Jika para kepala daerah selama ini takut dipanggil oleh komisi III DPR Senayan dan tidak berani beragumentasi melawan mereka di depan publik, Ahok sebaliknya. Ketika Ahok tahu bahwa para anggota DPR Senayan mulai bermain politik dan mencari-cari alasan untuk memanggilnya terkait Kalijodo, prostitusi di Hotel Alexis dan seterusnya, Ahok malah lebih galak dari mereka. Jika mereka bagai ‘anjing yang menggonggong’ Ahok bertindak bagai ‘singa yang mengaum’. Ahok skak dan memanggil mereka sebagai anggota DPR baru yang ‘belagu’ tak tahu prosedur dan mekanisme kerja mereka. Jadilah anggota DPR Senayan ribut luar biasa karena tersinggung. Lalu merekapun tidak fokus bekerja dan tidak menghasilkan apapun di DPR sana.
Jika seorang politisi datang menyembah Karni Ilyas di ILC TV One agar tidak menyudutkannya, malah Ahok sebaliknya, ia tidak menghadirinya. Ahok seolah membiarkan Karny Ilyas berimprovisasi dengan bebas mengundang nara sumber yang itu-itu saja seperti Ratna Sarumpaet, dan seterus ngomong bebas tanpa ada yang membantah. Ahok seolah mengajari publik silahkan tonton lelucon di TV One sebebasnya sambil menyaksikan kemenangan semu mereka . Ahok seolah membiarkan orang-orang di sana memaki dirinya dan temannya agar semua terbuka kepada publik siapa orang-orang pengecut yang hanya ngomong doang dan pintar mengkritik tanpa kerja sama sekali. Biarkan mereka puas menghadirkan pengadilan TV One yang memang beda, punya cirri khas kedunguannya sendiri.

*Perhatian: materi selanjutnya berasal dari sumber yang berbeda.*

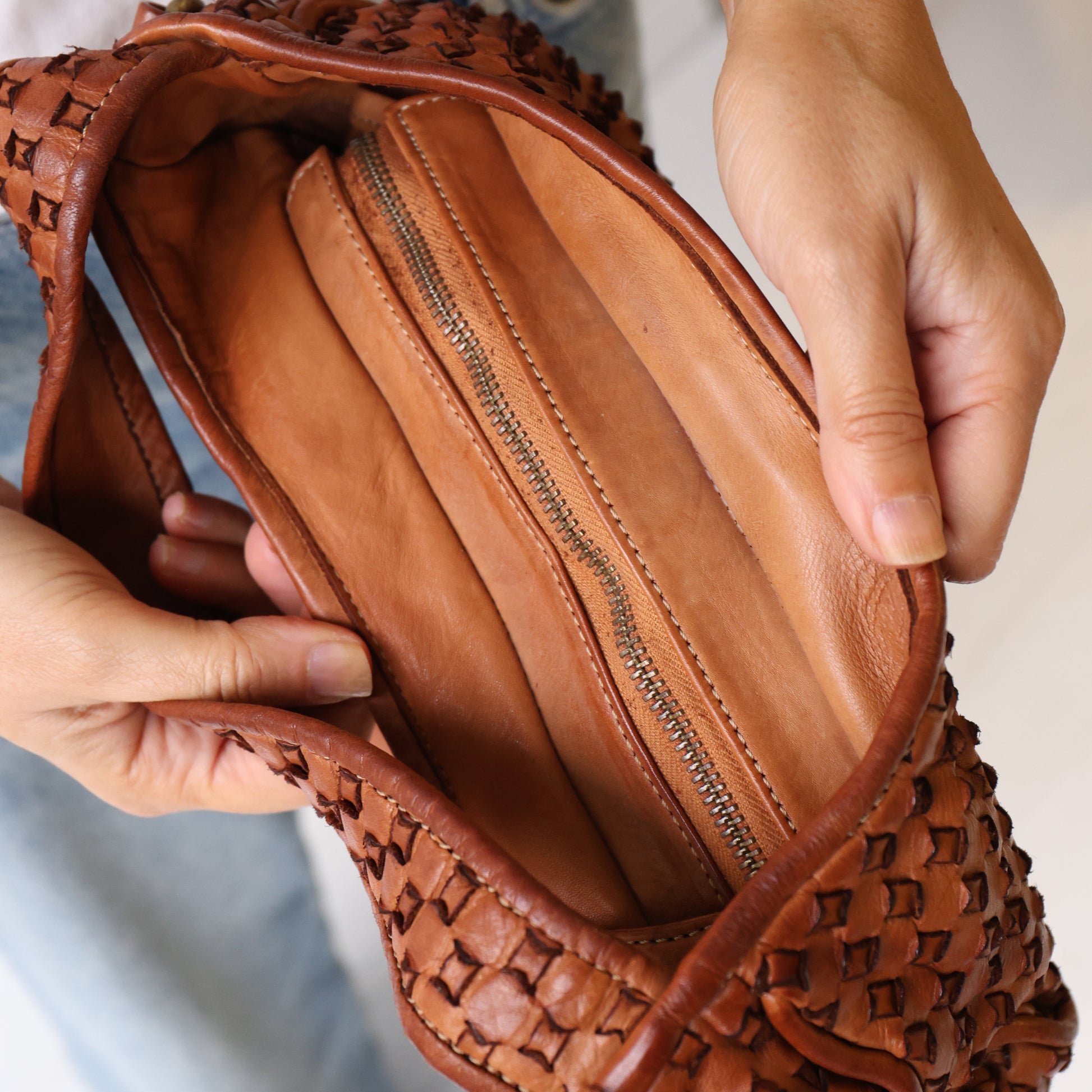 Produced in Italy from authentic leather, the NAPOLI Tan features a magnetic fold-over flap and secure zipper closure. It includes both an internal zipper pouch and an additional pocket for convenient organisation. The adjustable long strap ensures comfortable wear.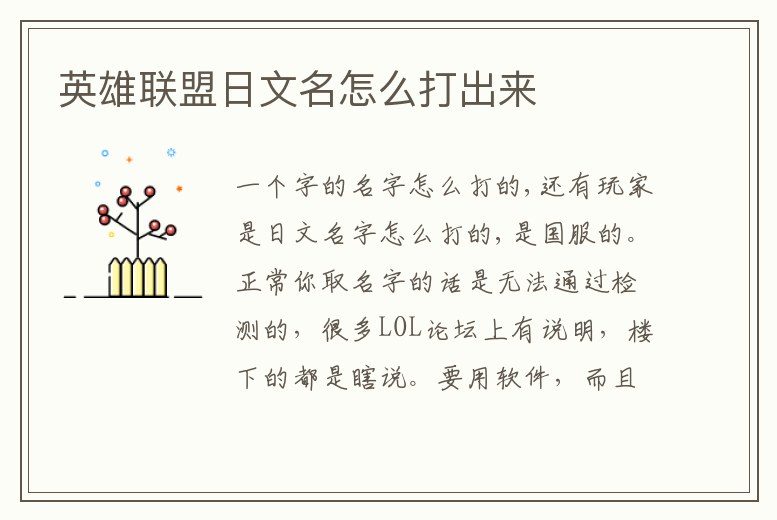 問題一:英雄聯盟,用日語怎么說~ 這是個網絡游戲的名字~ 其實沒有1L這種說法,日本要么寫全稱“League of Legends”,要么寫簡稱“LoL”,片假名外來語什么的都不怎么用, 真要用的話就是 リ`グ?オブ?レジェンド 。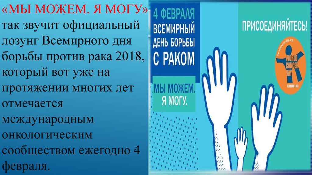 МЫ МОЖЕМ! Я МОГУ! Присоединяйтесь к инициативам Всемирного дня борьбы против рака и создавайте свои инициативы!чение было как можно

Ketika Ahok merobek-robek semua tradisi yang sudah ada, semua menjadi ribut, semua kebakaran jenggot. Benar, robekan tradisi yang dilakukan Ahok, tiba-tiba menimbulkan efek dahsyat luar biasa. Para politisi ribut tersinggung, para pemilik partai merasa dicampakkan, para pejabat seolah-olah disemprot dengan air panas, para pengamat merasa disepelekan. Lalu mereka satu suara, bagaikan koor bersuara bass, tenor, alto, baritone, sopran, lengserkan Ahok, lawan Ahok dengan cara apapun.